Activity: The task for the listing below is to write out exactly the lines starting at the one containing "- Muussaa marjat" and ending at the one containing "शिवपुरी। खबर जिला", both included. Pictures are to be omitted.

Supplied information:
☆ ☆ ☆ ☆ ☆ ☆ ☆
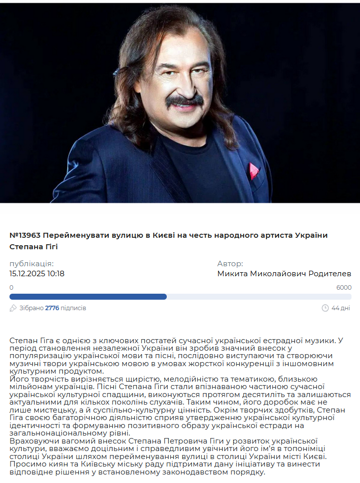 "Это важный жест памяти и уважения Маэстро, чья музыка стала частью истории Украины. Поддержите эту инициативу – сохраним имя Степана Гиги в сердце столицы!", – говорится в посте.
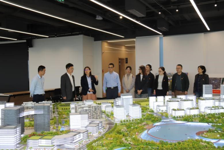 在公司一行带领下,与会人员一起参观了临港南大智慧城总体规划沙盘模型和数字产业特色孵化载体“司南创营”,参会老师纷纷表示感受到上海临港集团作为上海市属企业,持续提升数字技术转化应用和产业融合能力,对接国家战略、上海市战略以及服务地方经济转型发展。
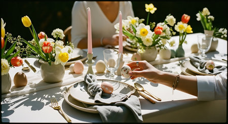 A beautifully set Easter table with flowers and eggs in a bright room
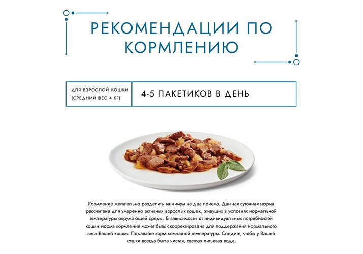 Для взрослой кошки среднего веса (4 кг) требуется 4-5 пакетика в день. Кормление желательно разделить минимум на два приема.
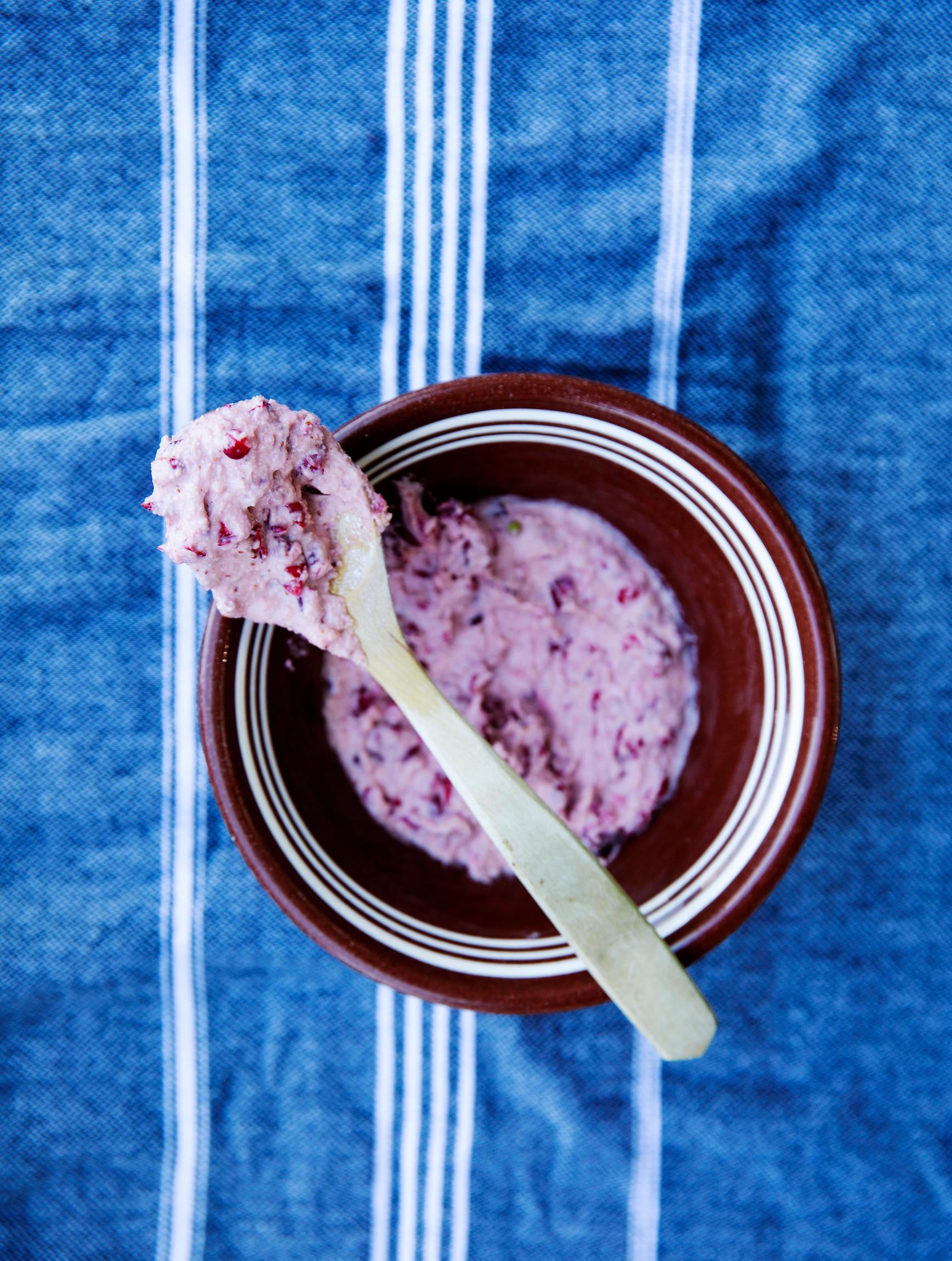- Muussaa marjat haarukalla. Sekoita kananmuna joukkoon.
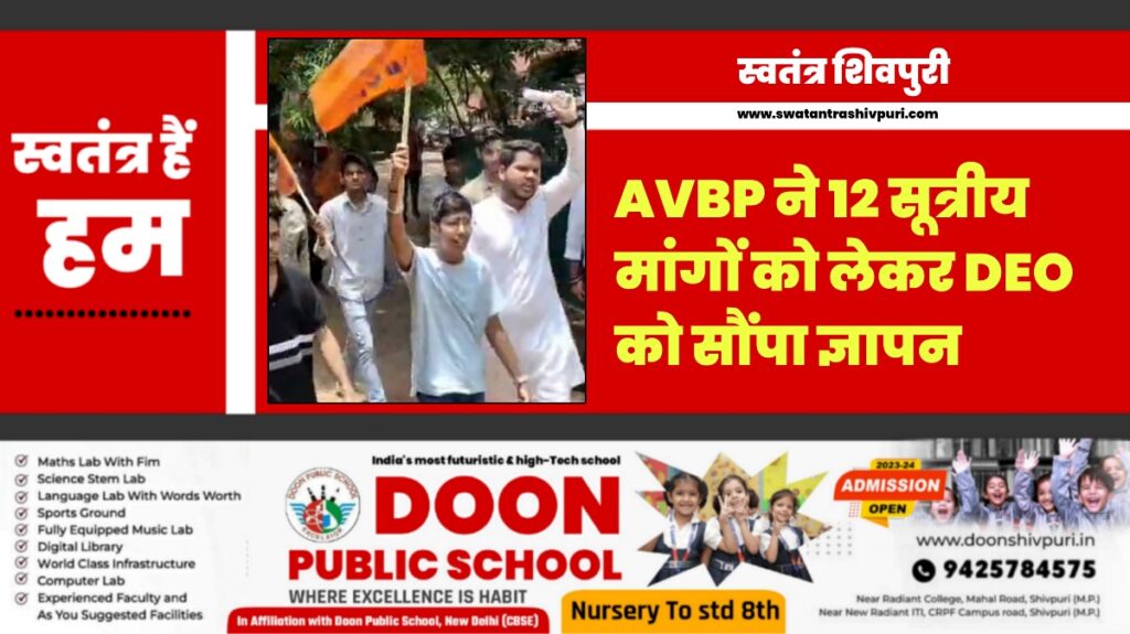 शिवपुरी। खबर जिला मुख्यालय से आ रही है। जहां आज शुक्रवार को अखिल भारतीय विद्यार्थी परिषद के कार्यकर्ताओं ने अशासकीय विद्यालयों में बरती जा रहीं अनियमितताओं के खिलाफ मोर्चा खोलते हुए 12 सूत्रीय मांगों को लेकर जिला शिक्षा अधिकारी को एक ज्ञापन सौंपा है।
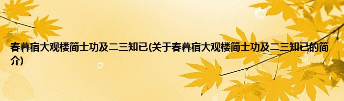春暮宿大观楼简士功及二三知已(关于春暮宿大观楼简士功及二三知已的简介)
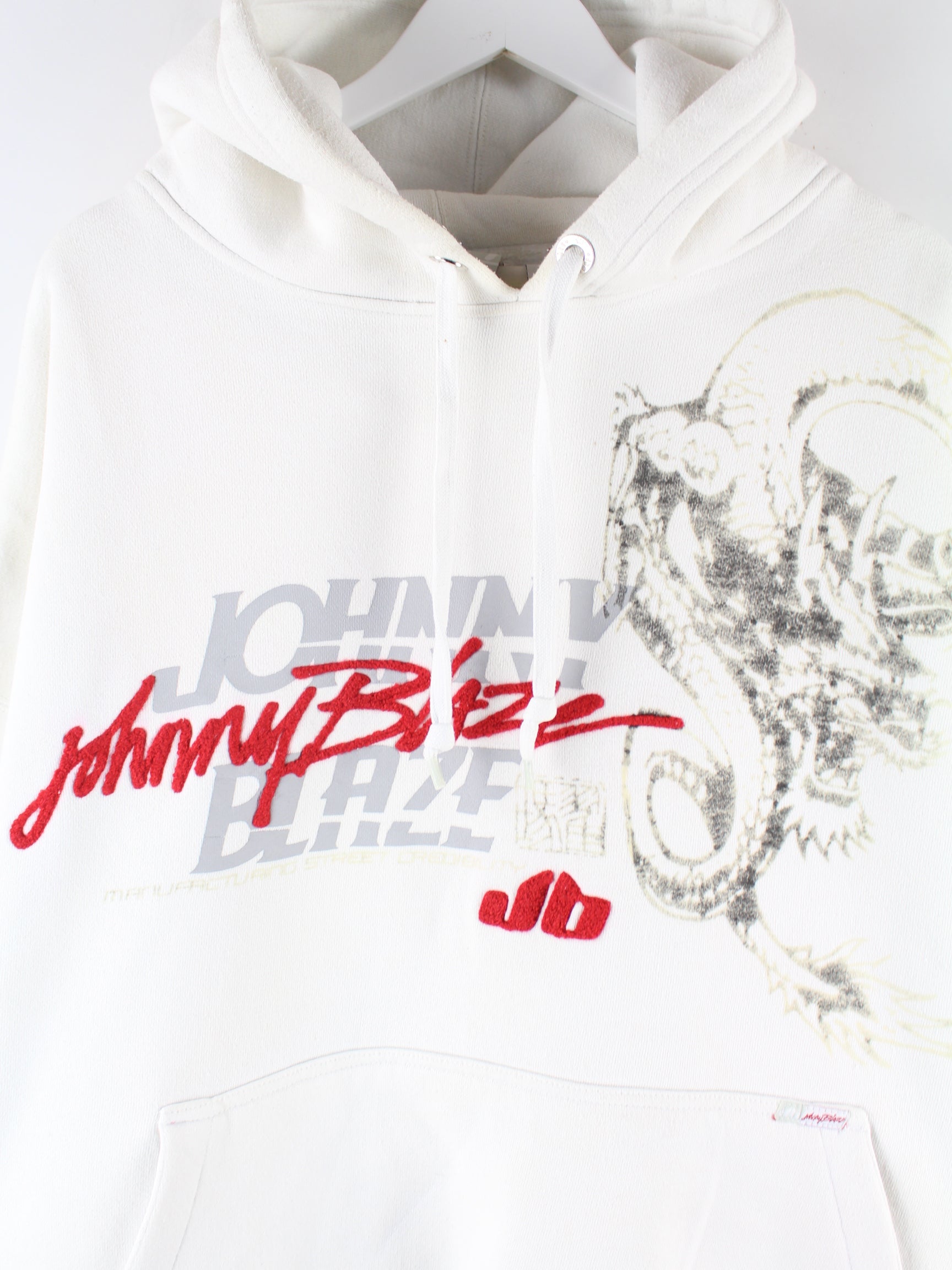 Johnny Blaze 00s Embroidered Heavy Overzised Hoodie Weiß XXL
☆ ☆ ☆ ☆ ☆ ☆ ☆
Exercise response:
- Muussaa marjat haarukalla. Sekoita kananmuna joukkoon.
 शिवपुरी। खबर जिला मुख्यालय से आ रही है। जहां आज शुक्रवार को अखिल भारतीय विद्यार्थी परिषद के कार्यकर्ताओं ने अशासकीय विद्यालयों में बरती जा रहीं अनियमितताओं के खिलाफ मोर्चा खोलते हुए 12 सूत्रीय मांगों को लेकर जिला शिक्षा अधिकारी को एक ज्ञापन सौंपा है।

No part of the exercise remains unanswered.